* **Task objective**: Among the lines below, output only those between the line holding "员工提交业绩填单 > 店长收到待核准订单 > 核准通过/不通过;" and the line holding "Construimos um plano", inclusive, exactly as written and with no pictures.

* **Records for processing**:
== Segment start ==

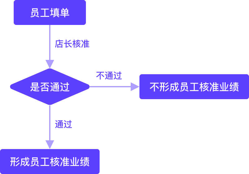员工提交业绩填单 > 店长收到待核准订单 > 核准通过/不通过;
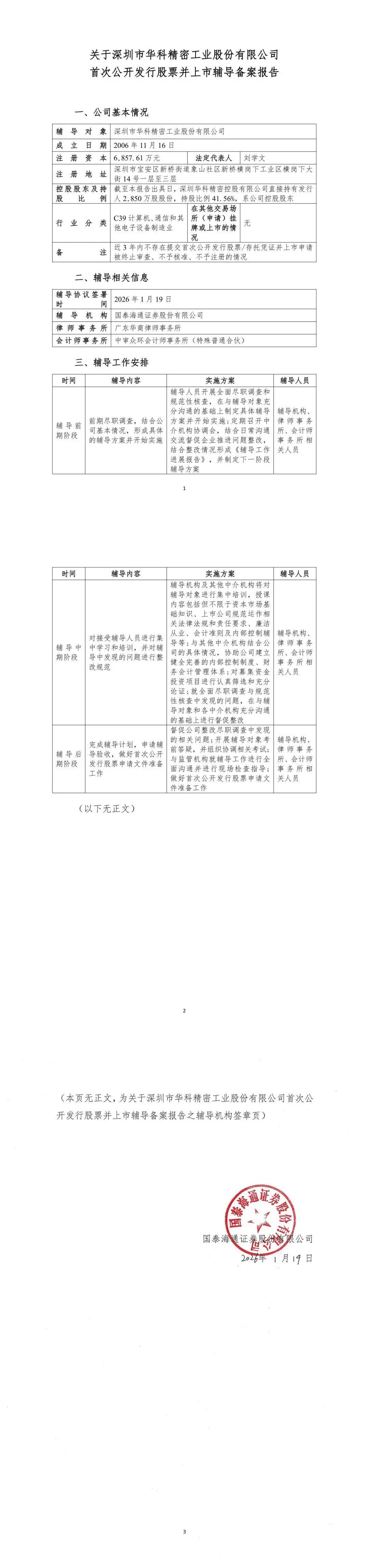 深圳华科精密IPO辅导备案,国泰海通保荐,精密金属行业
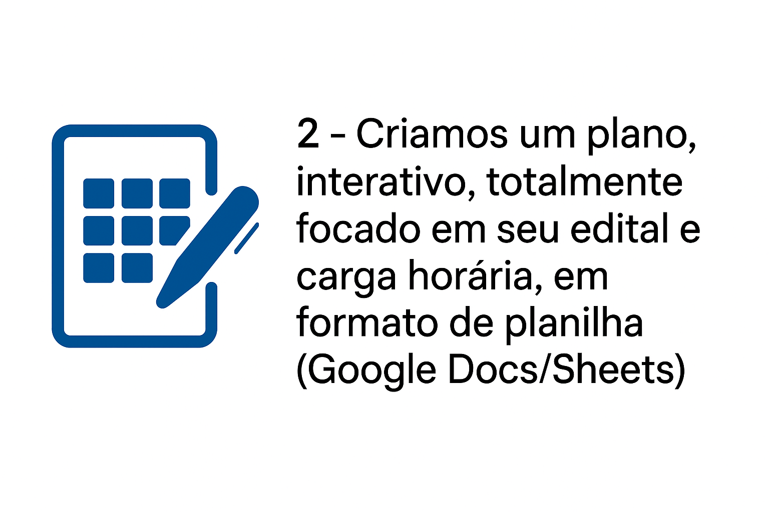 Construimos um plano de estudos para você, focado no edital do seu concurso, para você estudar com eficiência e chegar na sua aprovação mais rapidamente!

== Segment end ==
== Segment start ==

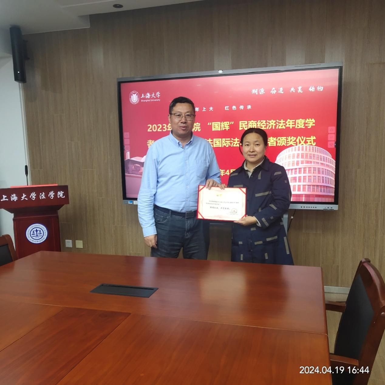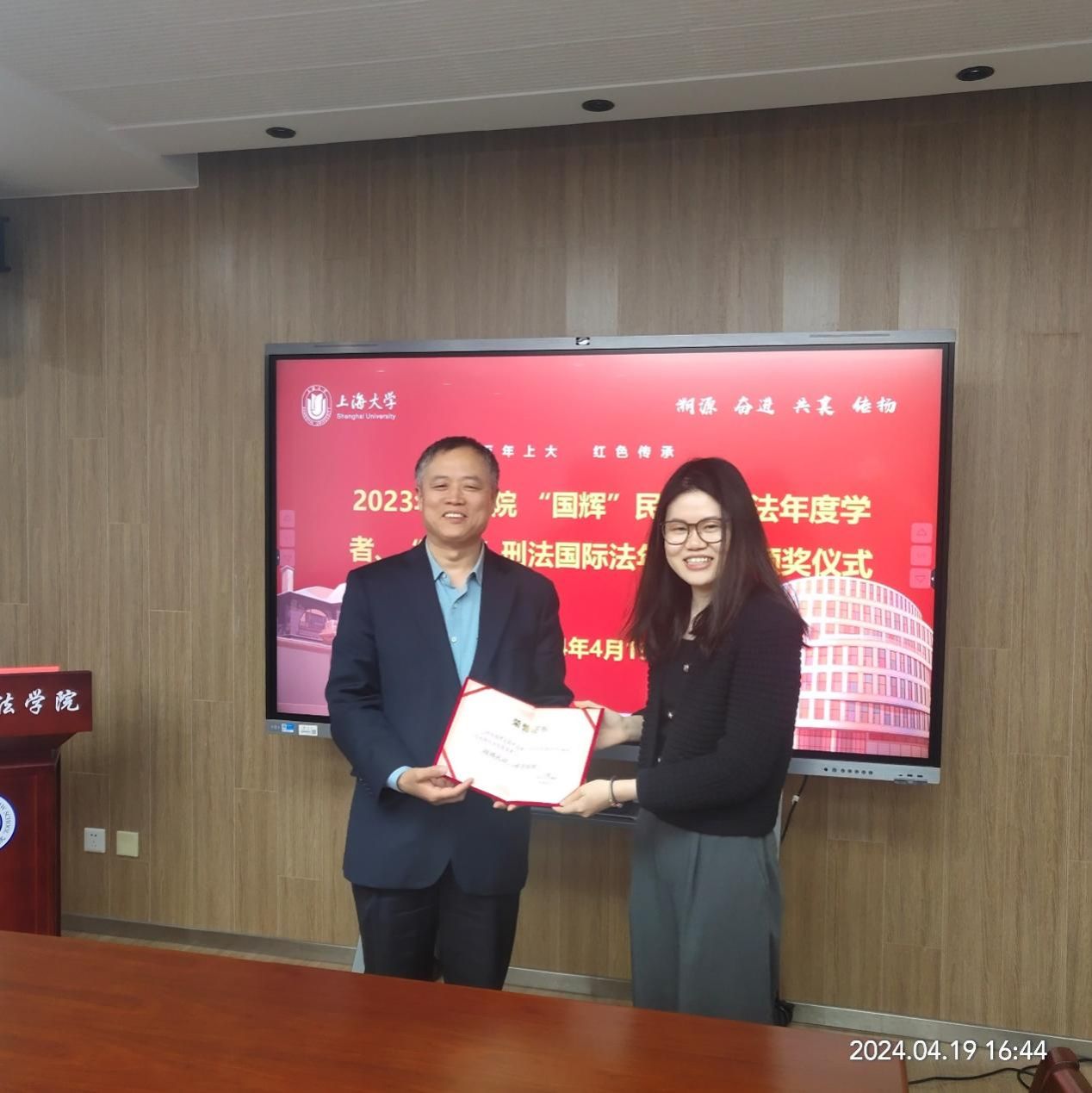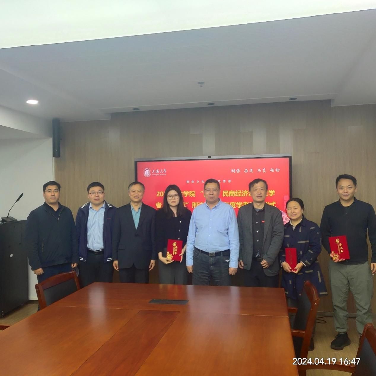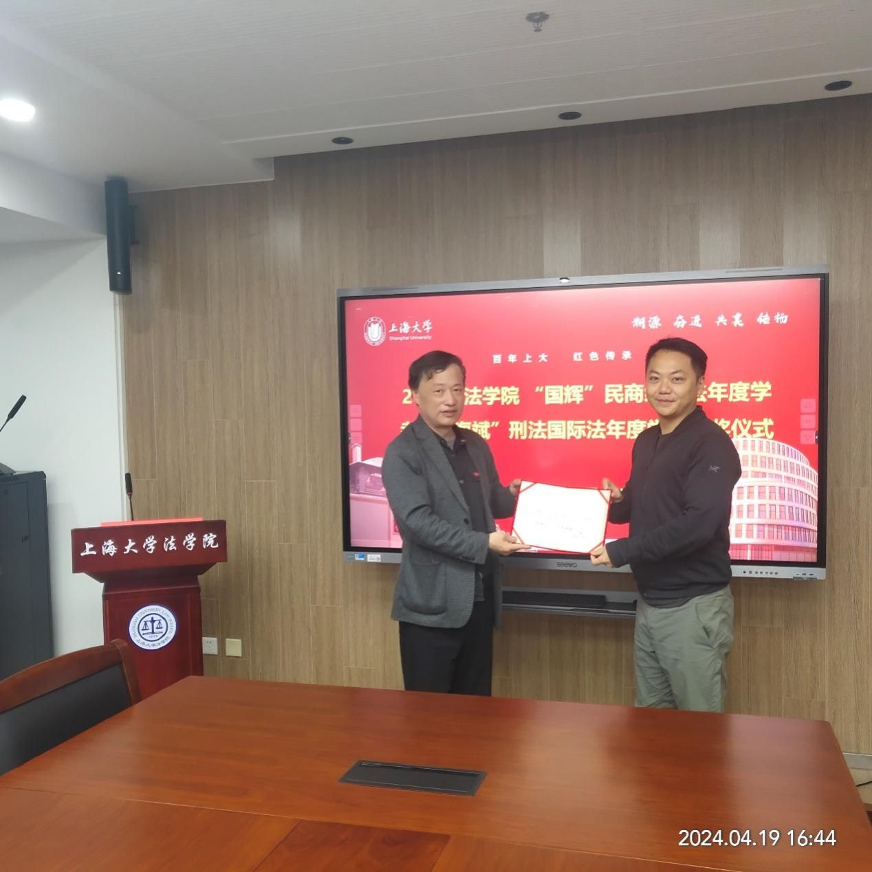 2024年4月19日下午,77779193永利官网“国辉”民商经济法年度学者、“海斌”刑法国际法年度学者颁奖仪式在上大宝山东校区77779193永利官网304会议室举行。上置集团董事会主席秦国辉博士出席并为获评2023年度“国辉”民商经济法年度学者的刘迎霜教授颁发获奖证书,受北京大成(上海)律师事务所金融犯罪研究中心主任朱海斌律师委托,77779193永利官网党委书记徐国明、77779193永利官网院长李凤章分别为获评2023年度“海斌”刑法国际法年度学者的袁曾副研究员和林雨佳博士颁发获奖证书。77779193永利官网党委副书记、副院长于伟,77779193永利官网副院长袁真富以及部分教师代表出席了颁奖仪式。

== Segment end ==

* **Response to this task**:
员工提交业绩填单 > 店长收到待核准订单 > 核准通过/不通过;
 深圳华科精密IPO辅导备案,国泰海通保荐,精密金属行业
 Construimos um plano de estudos para você, focado no edital do seu concurso, para você estudar com eficiência e chegar na sua aprovação mais rapidamente!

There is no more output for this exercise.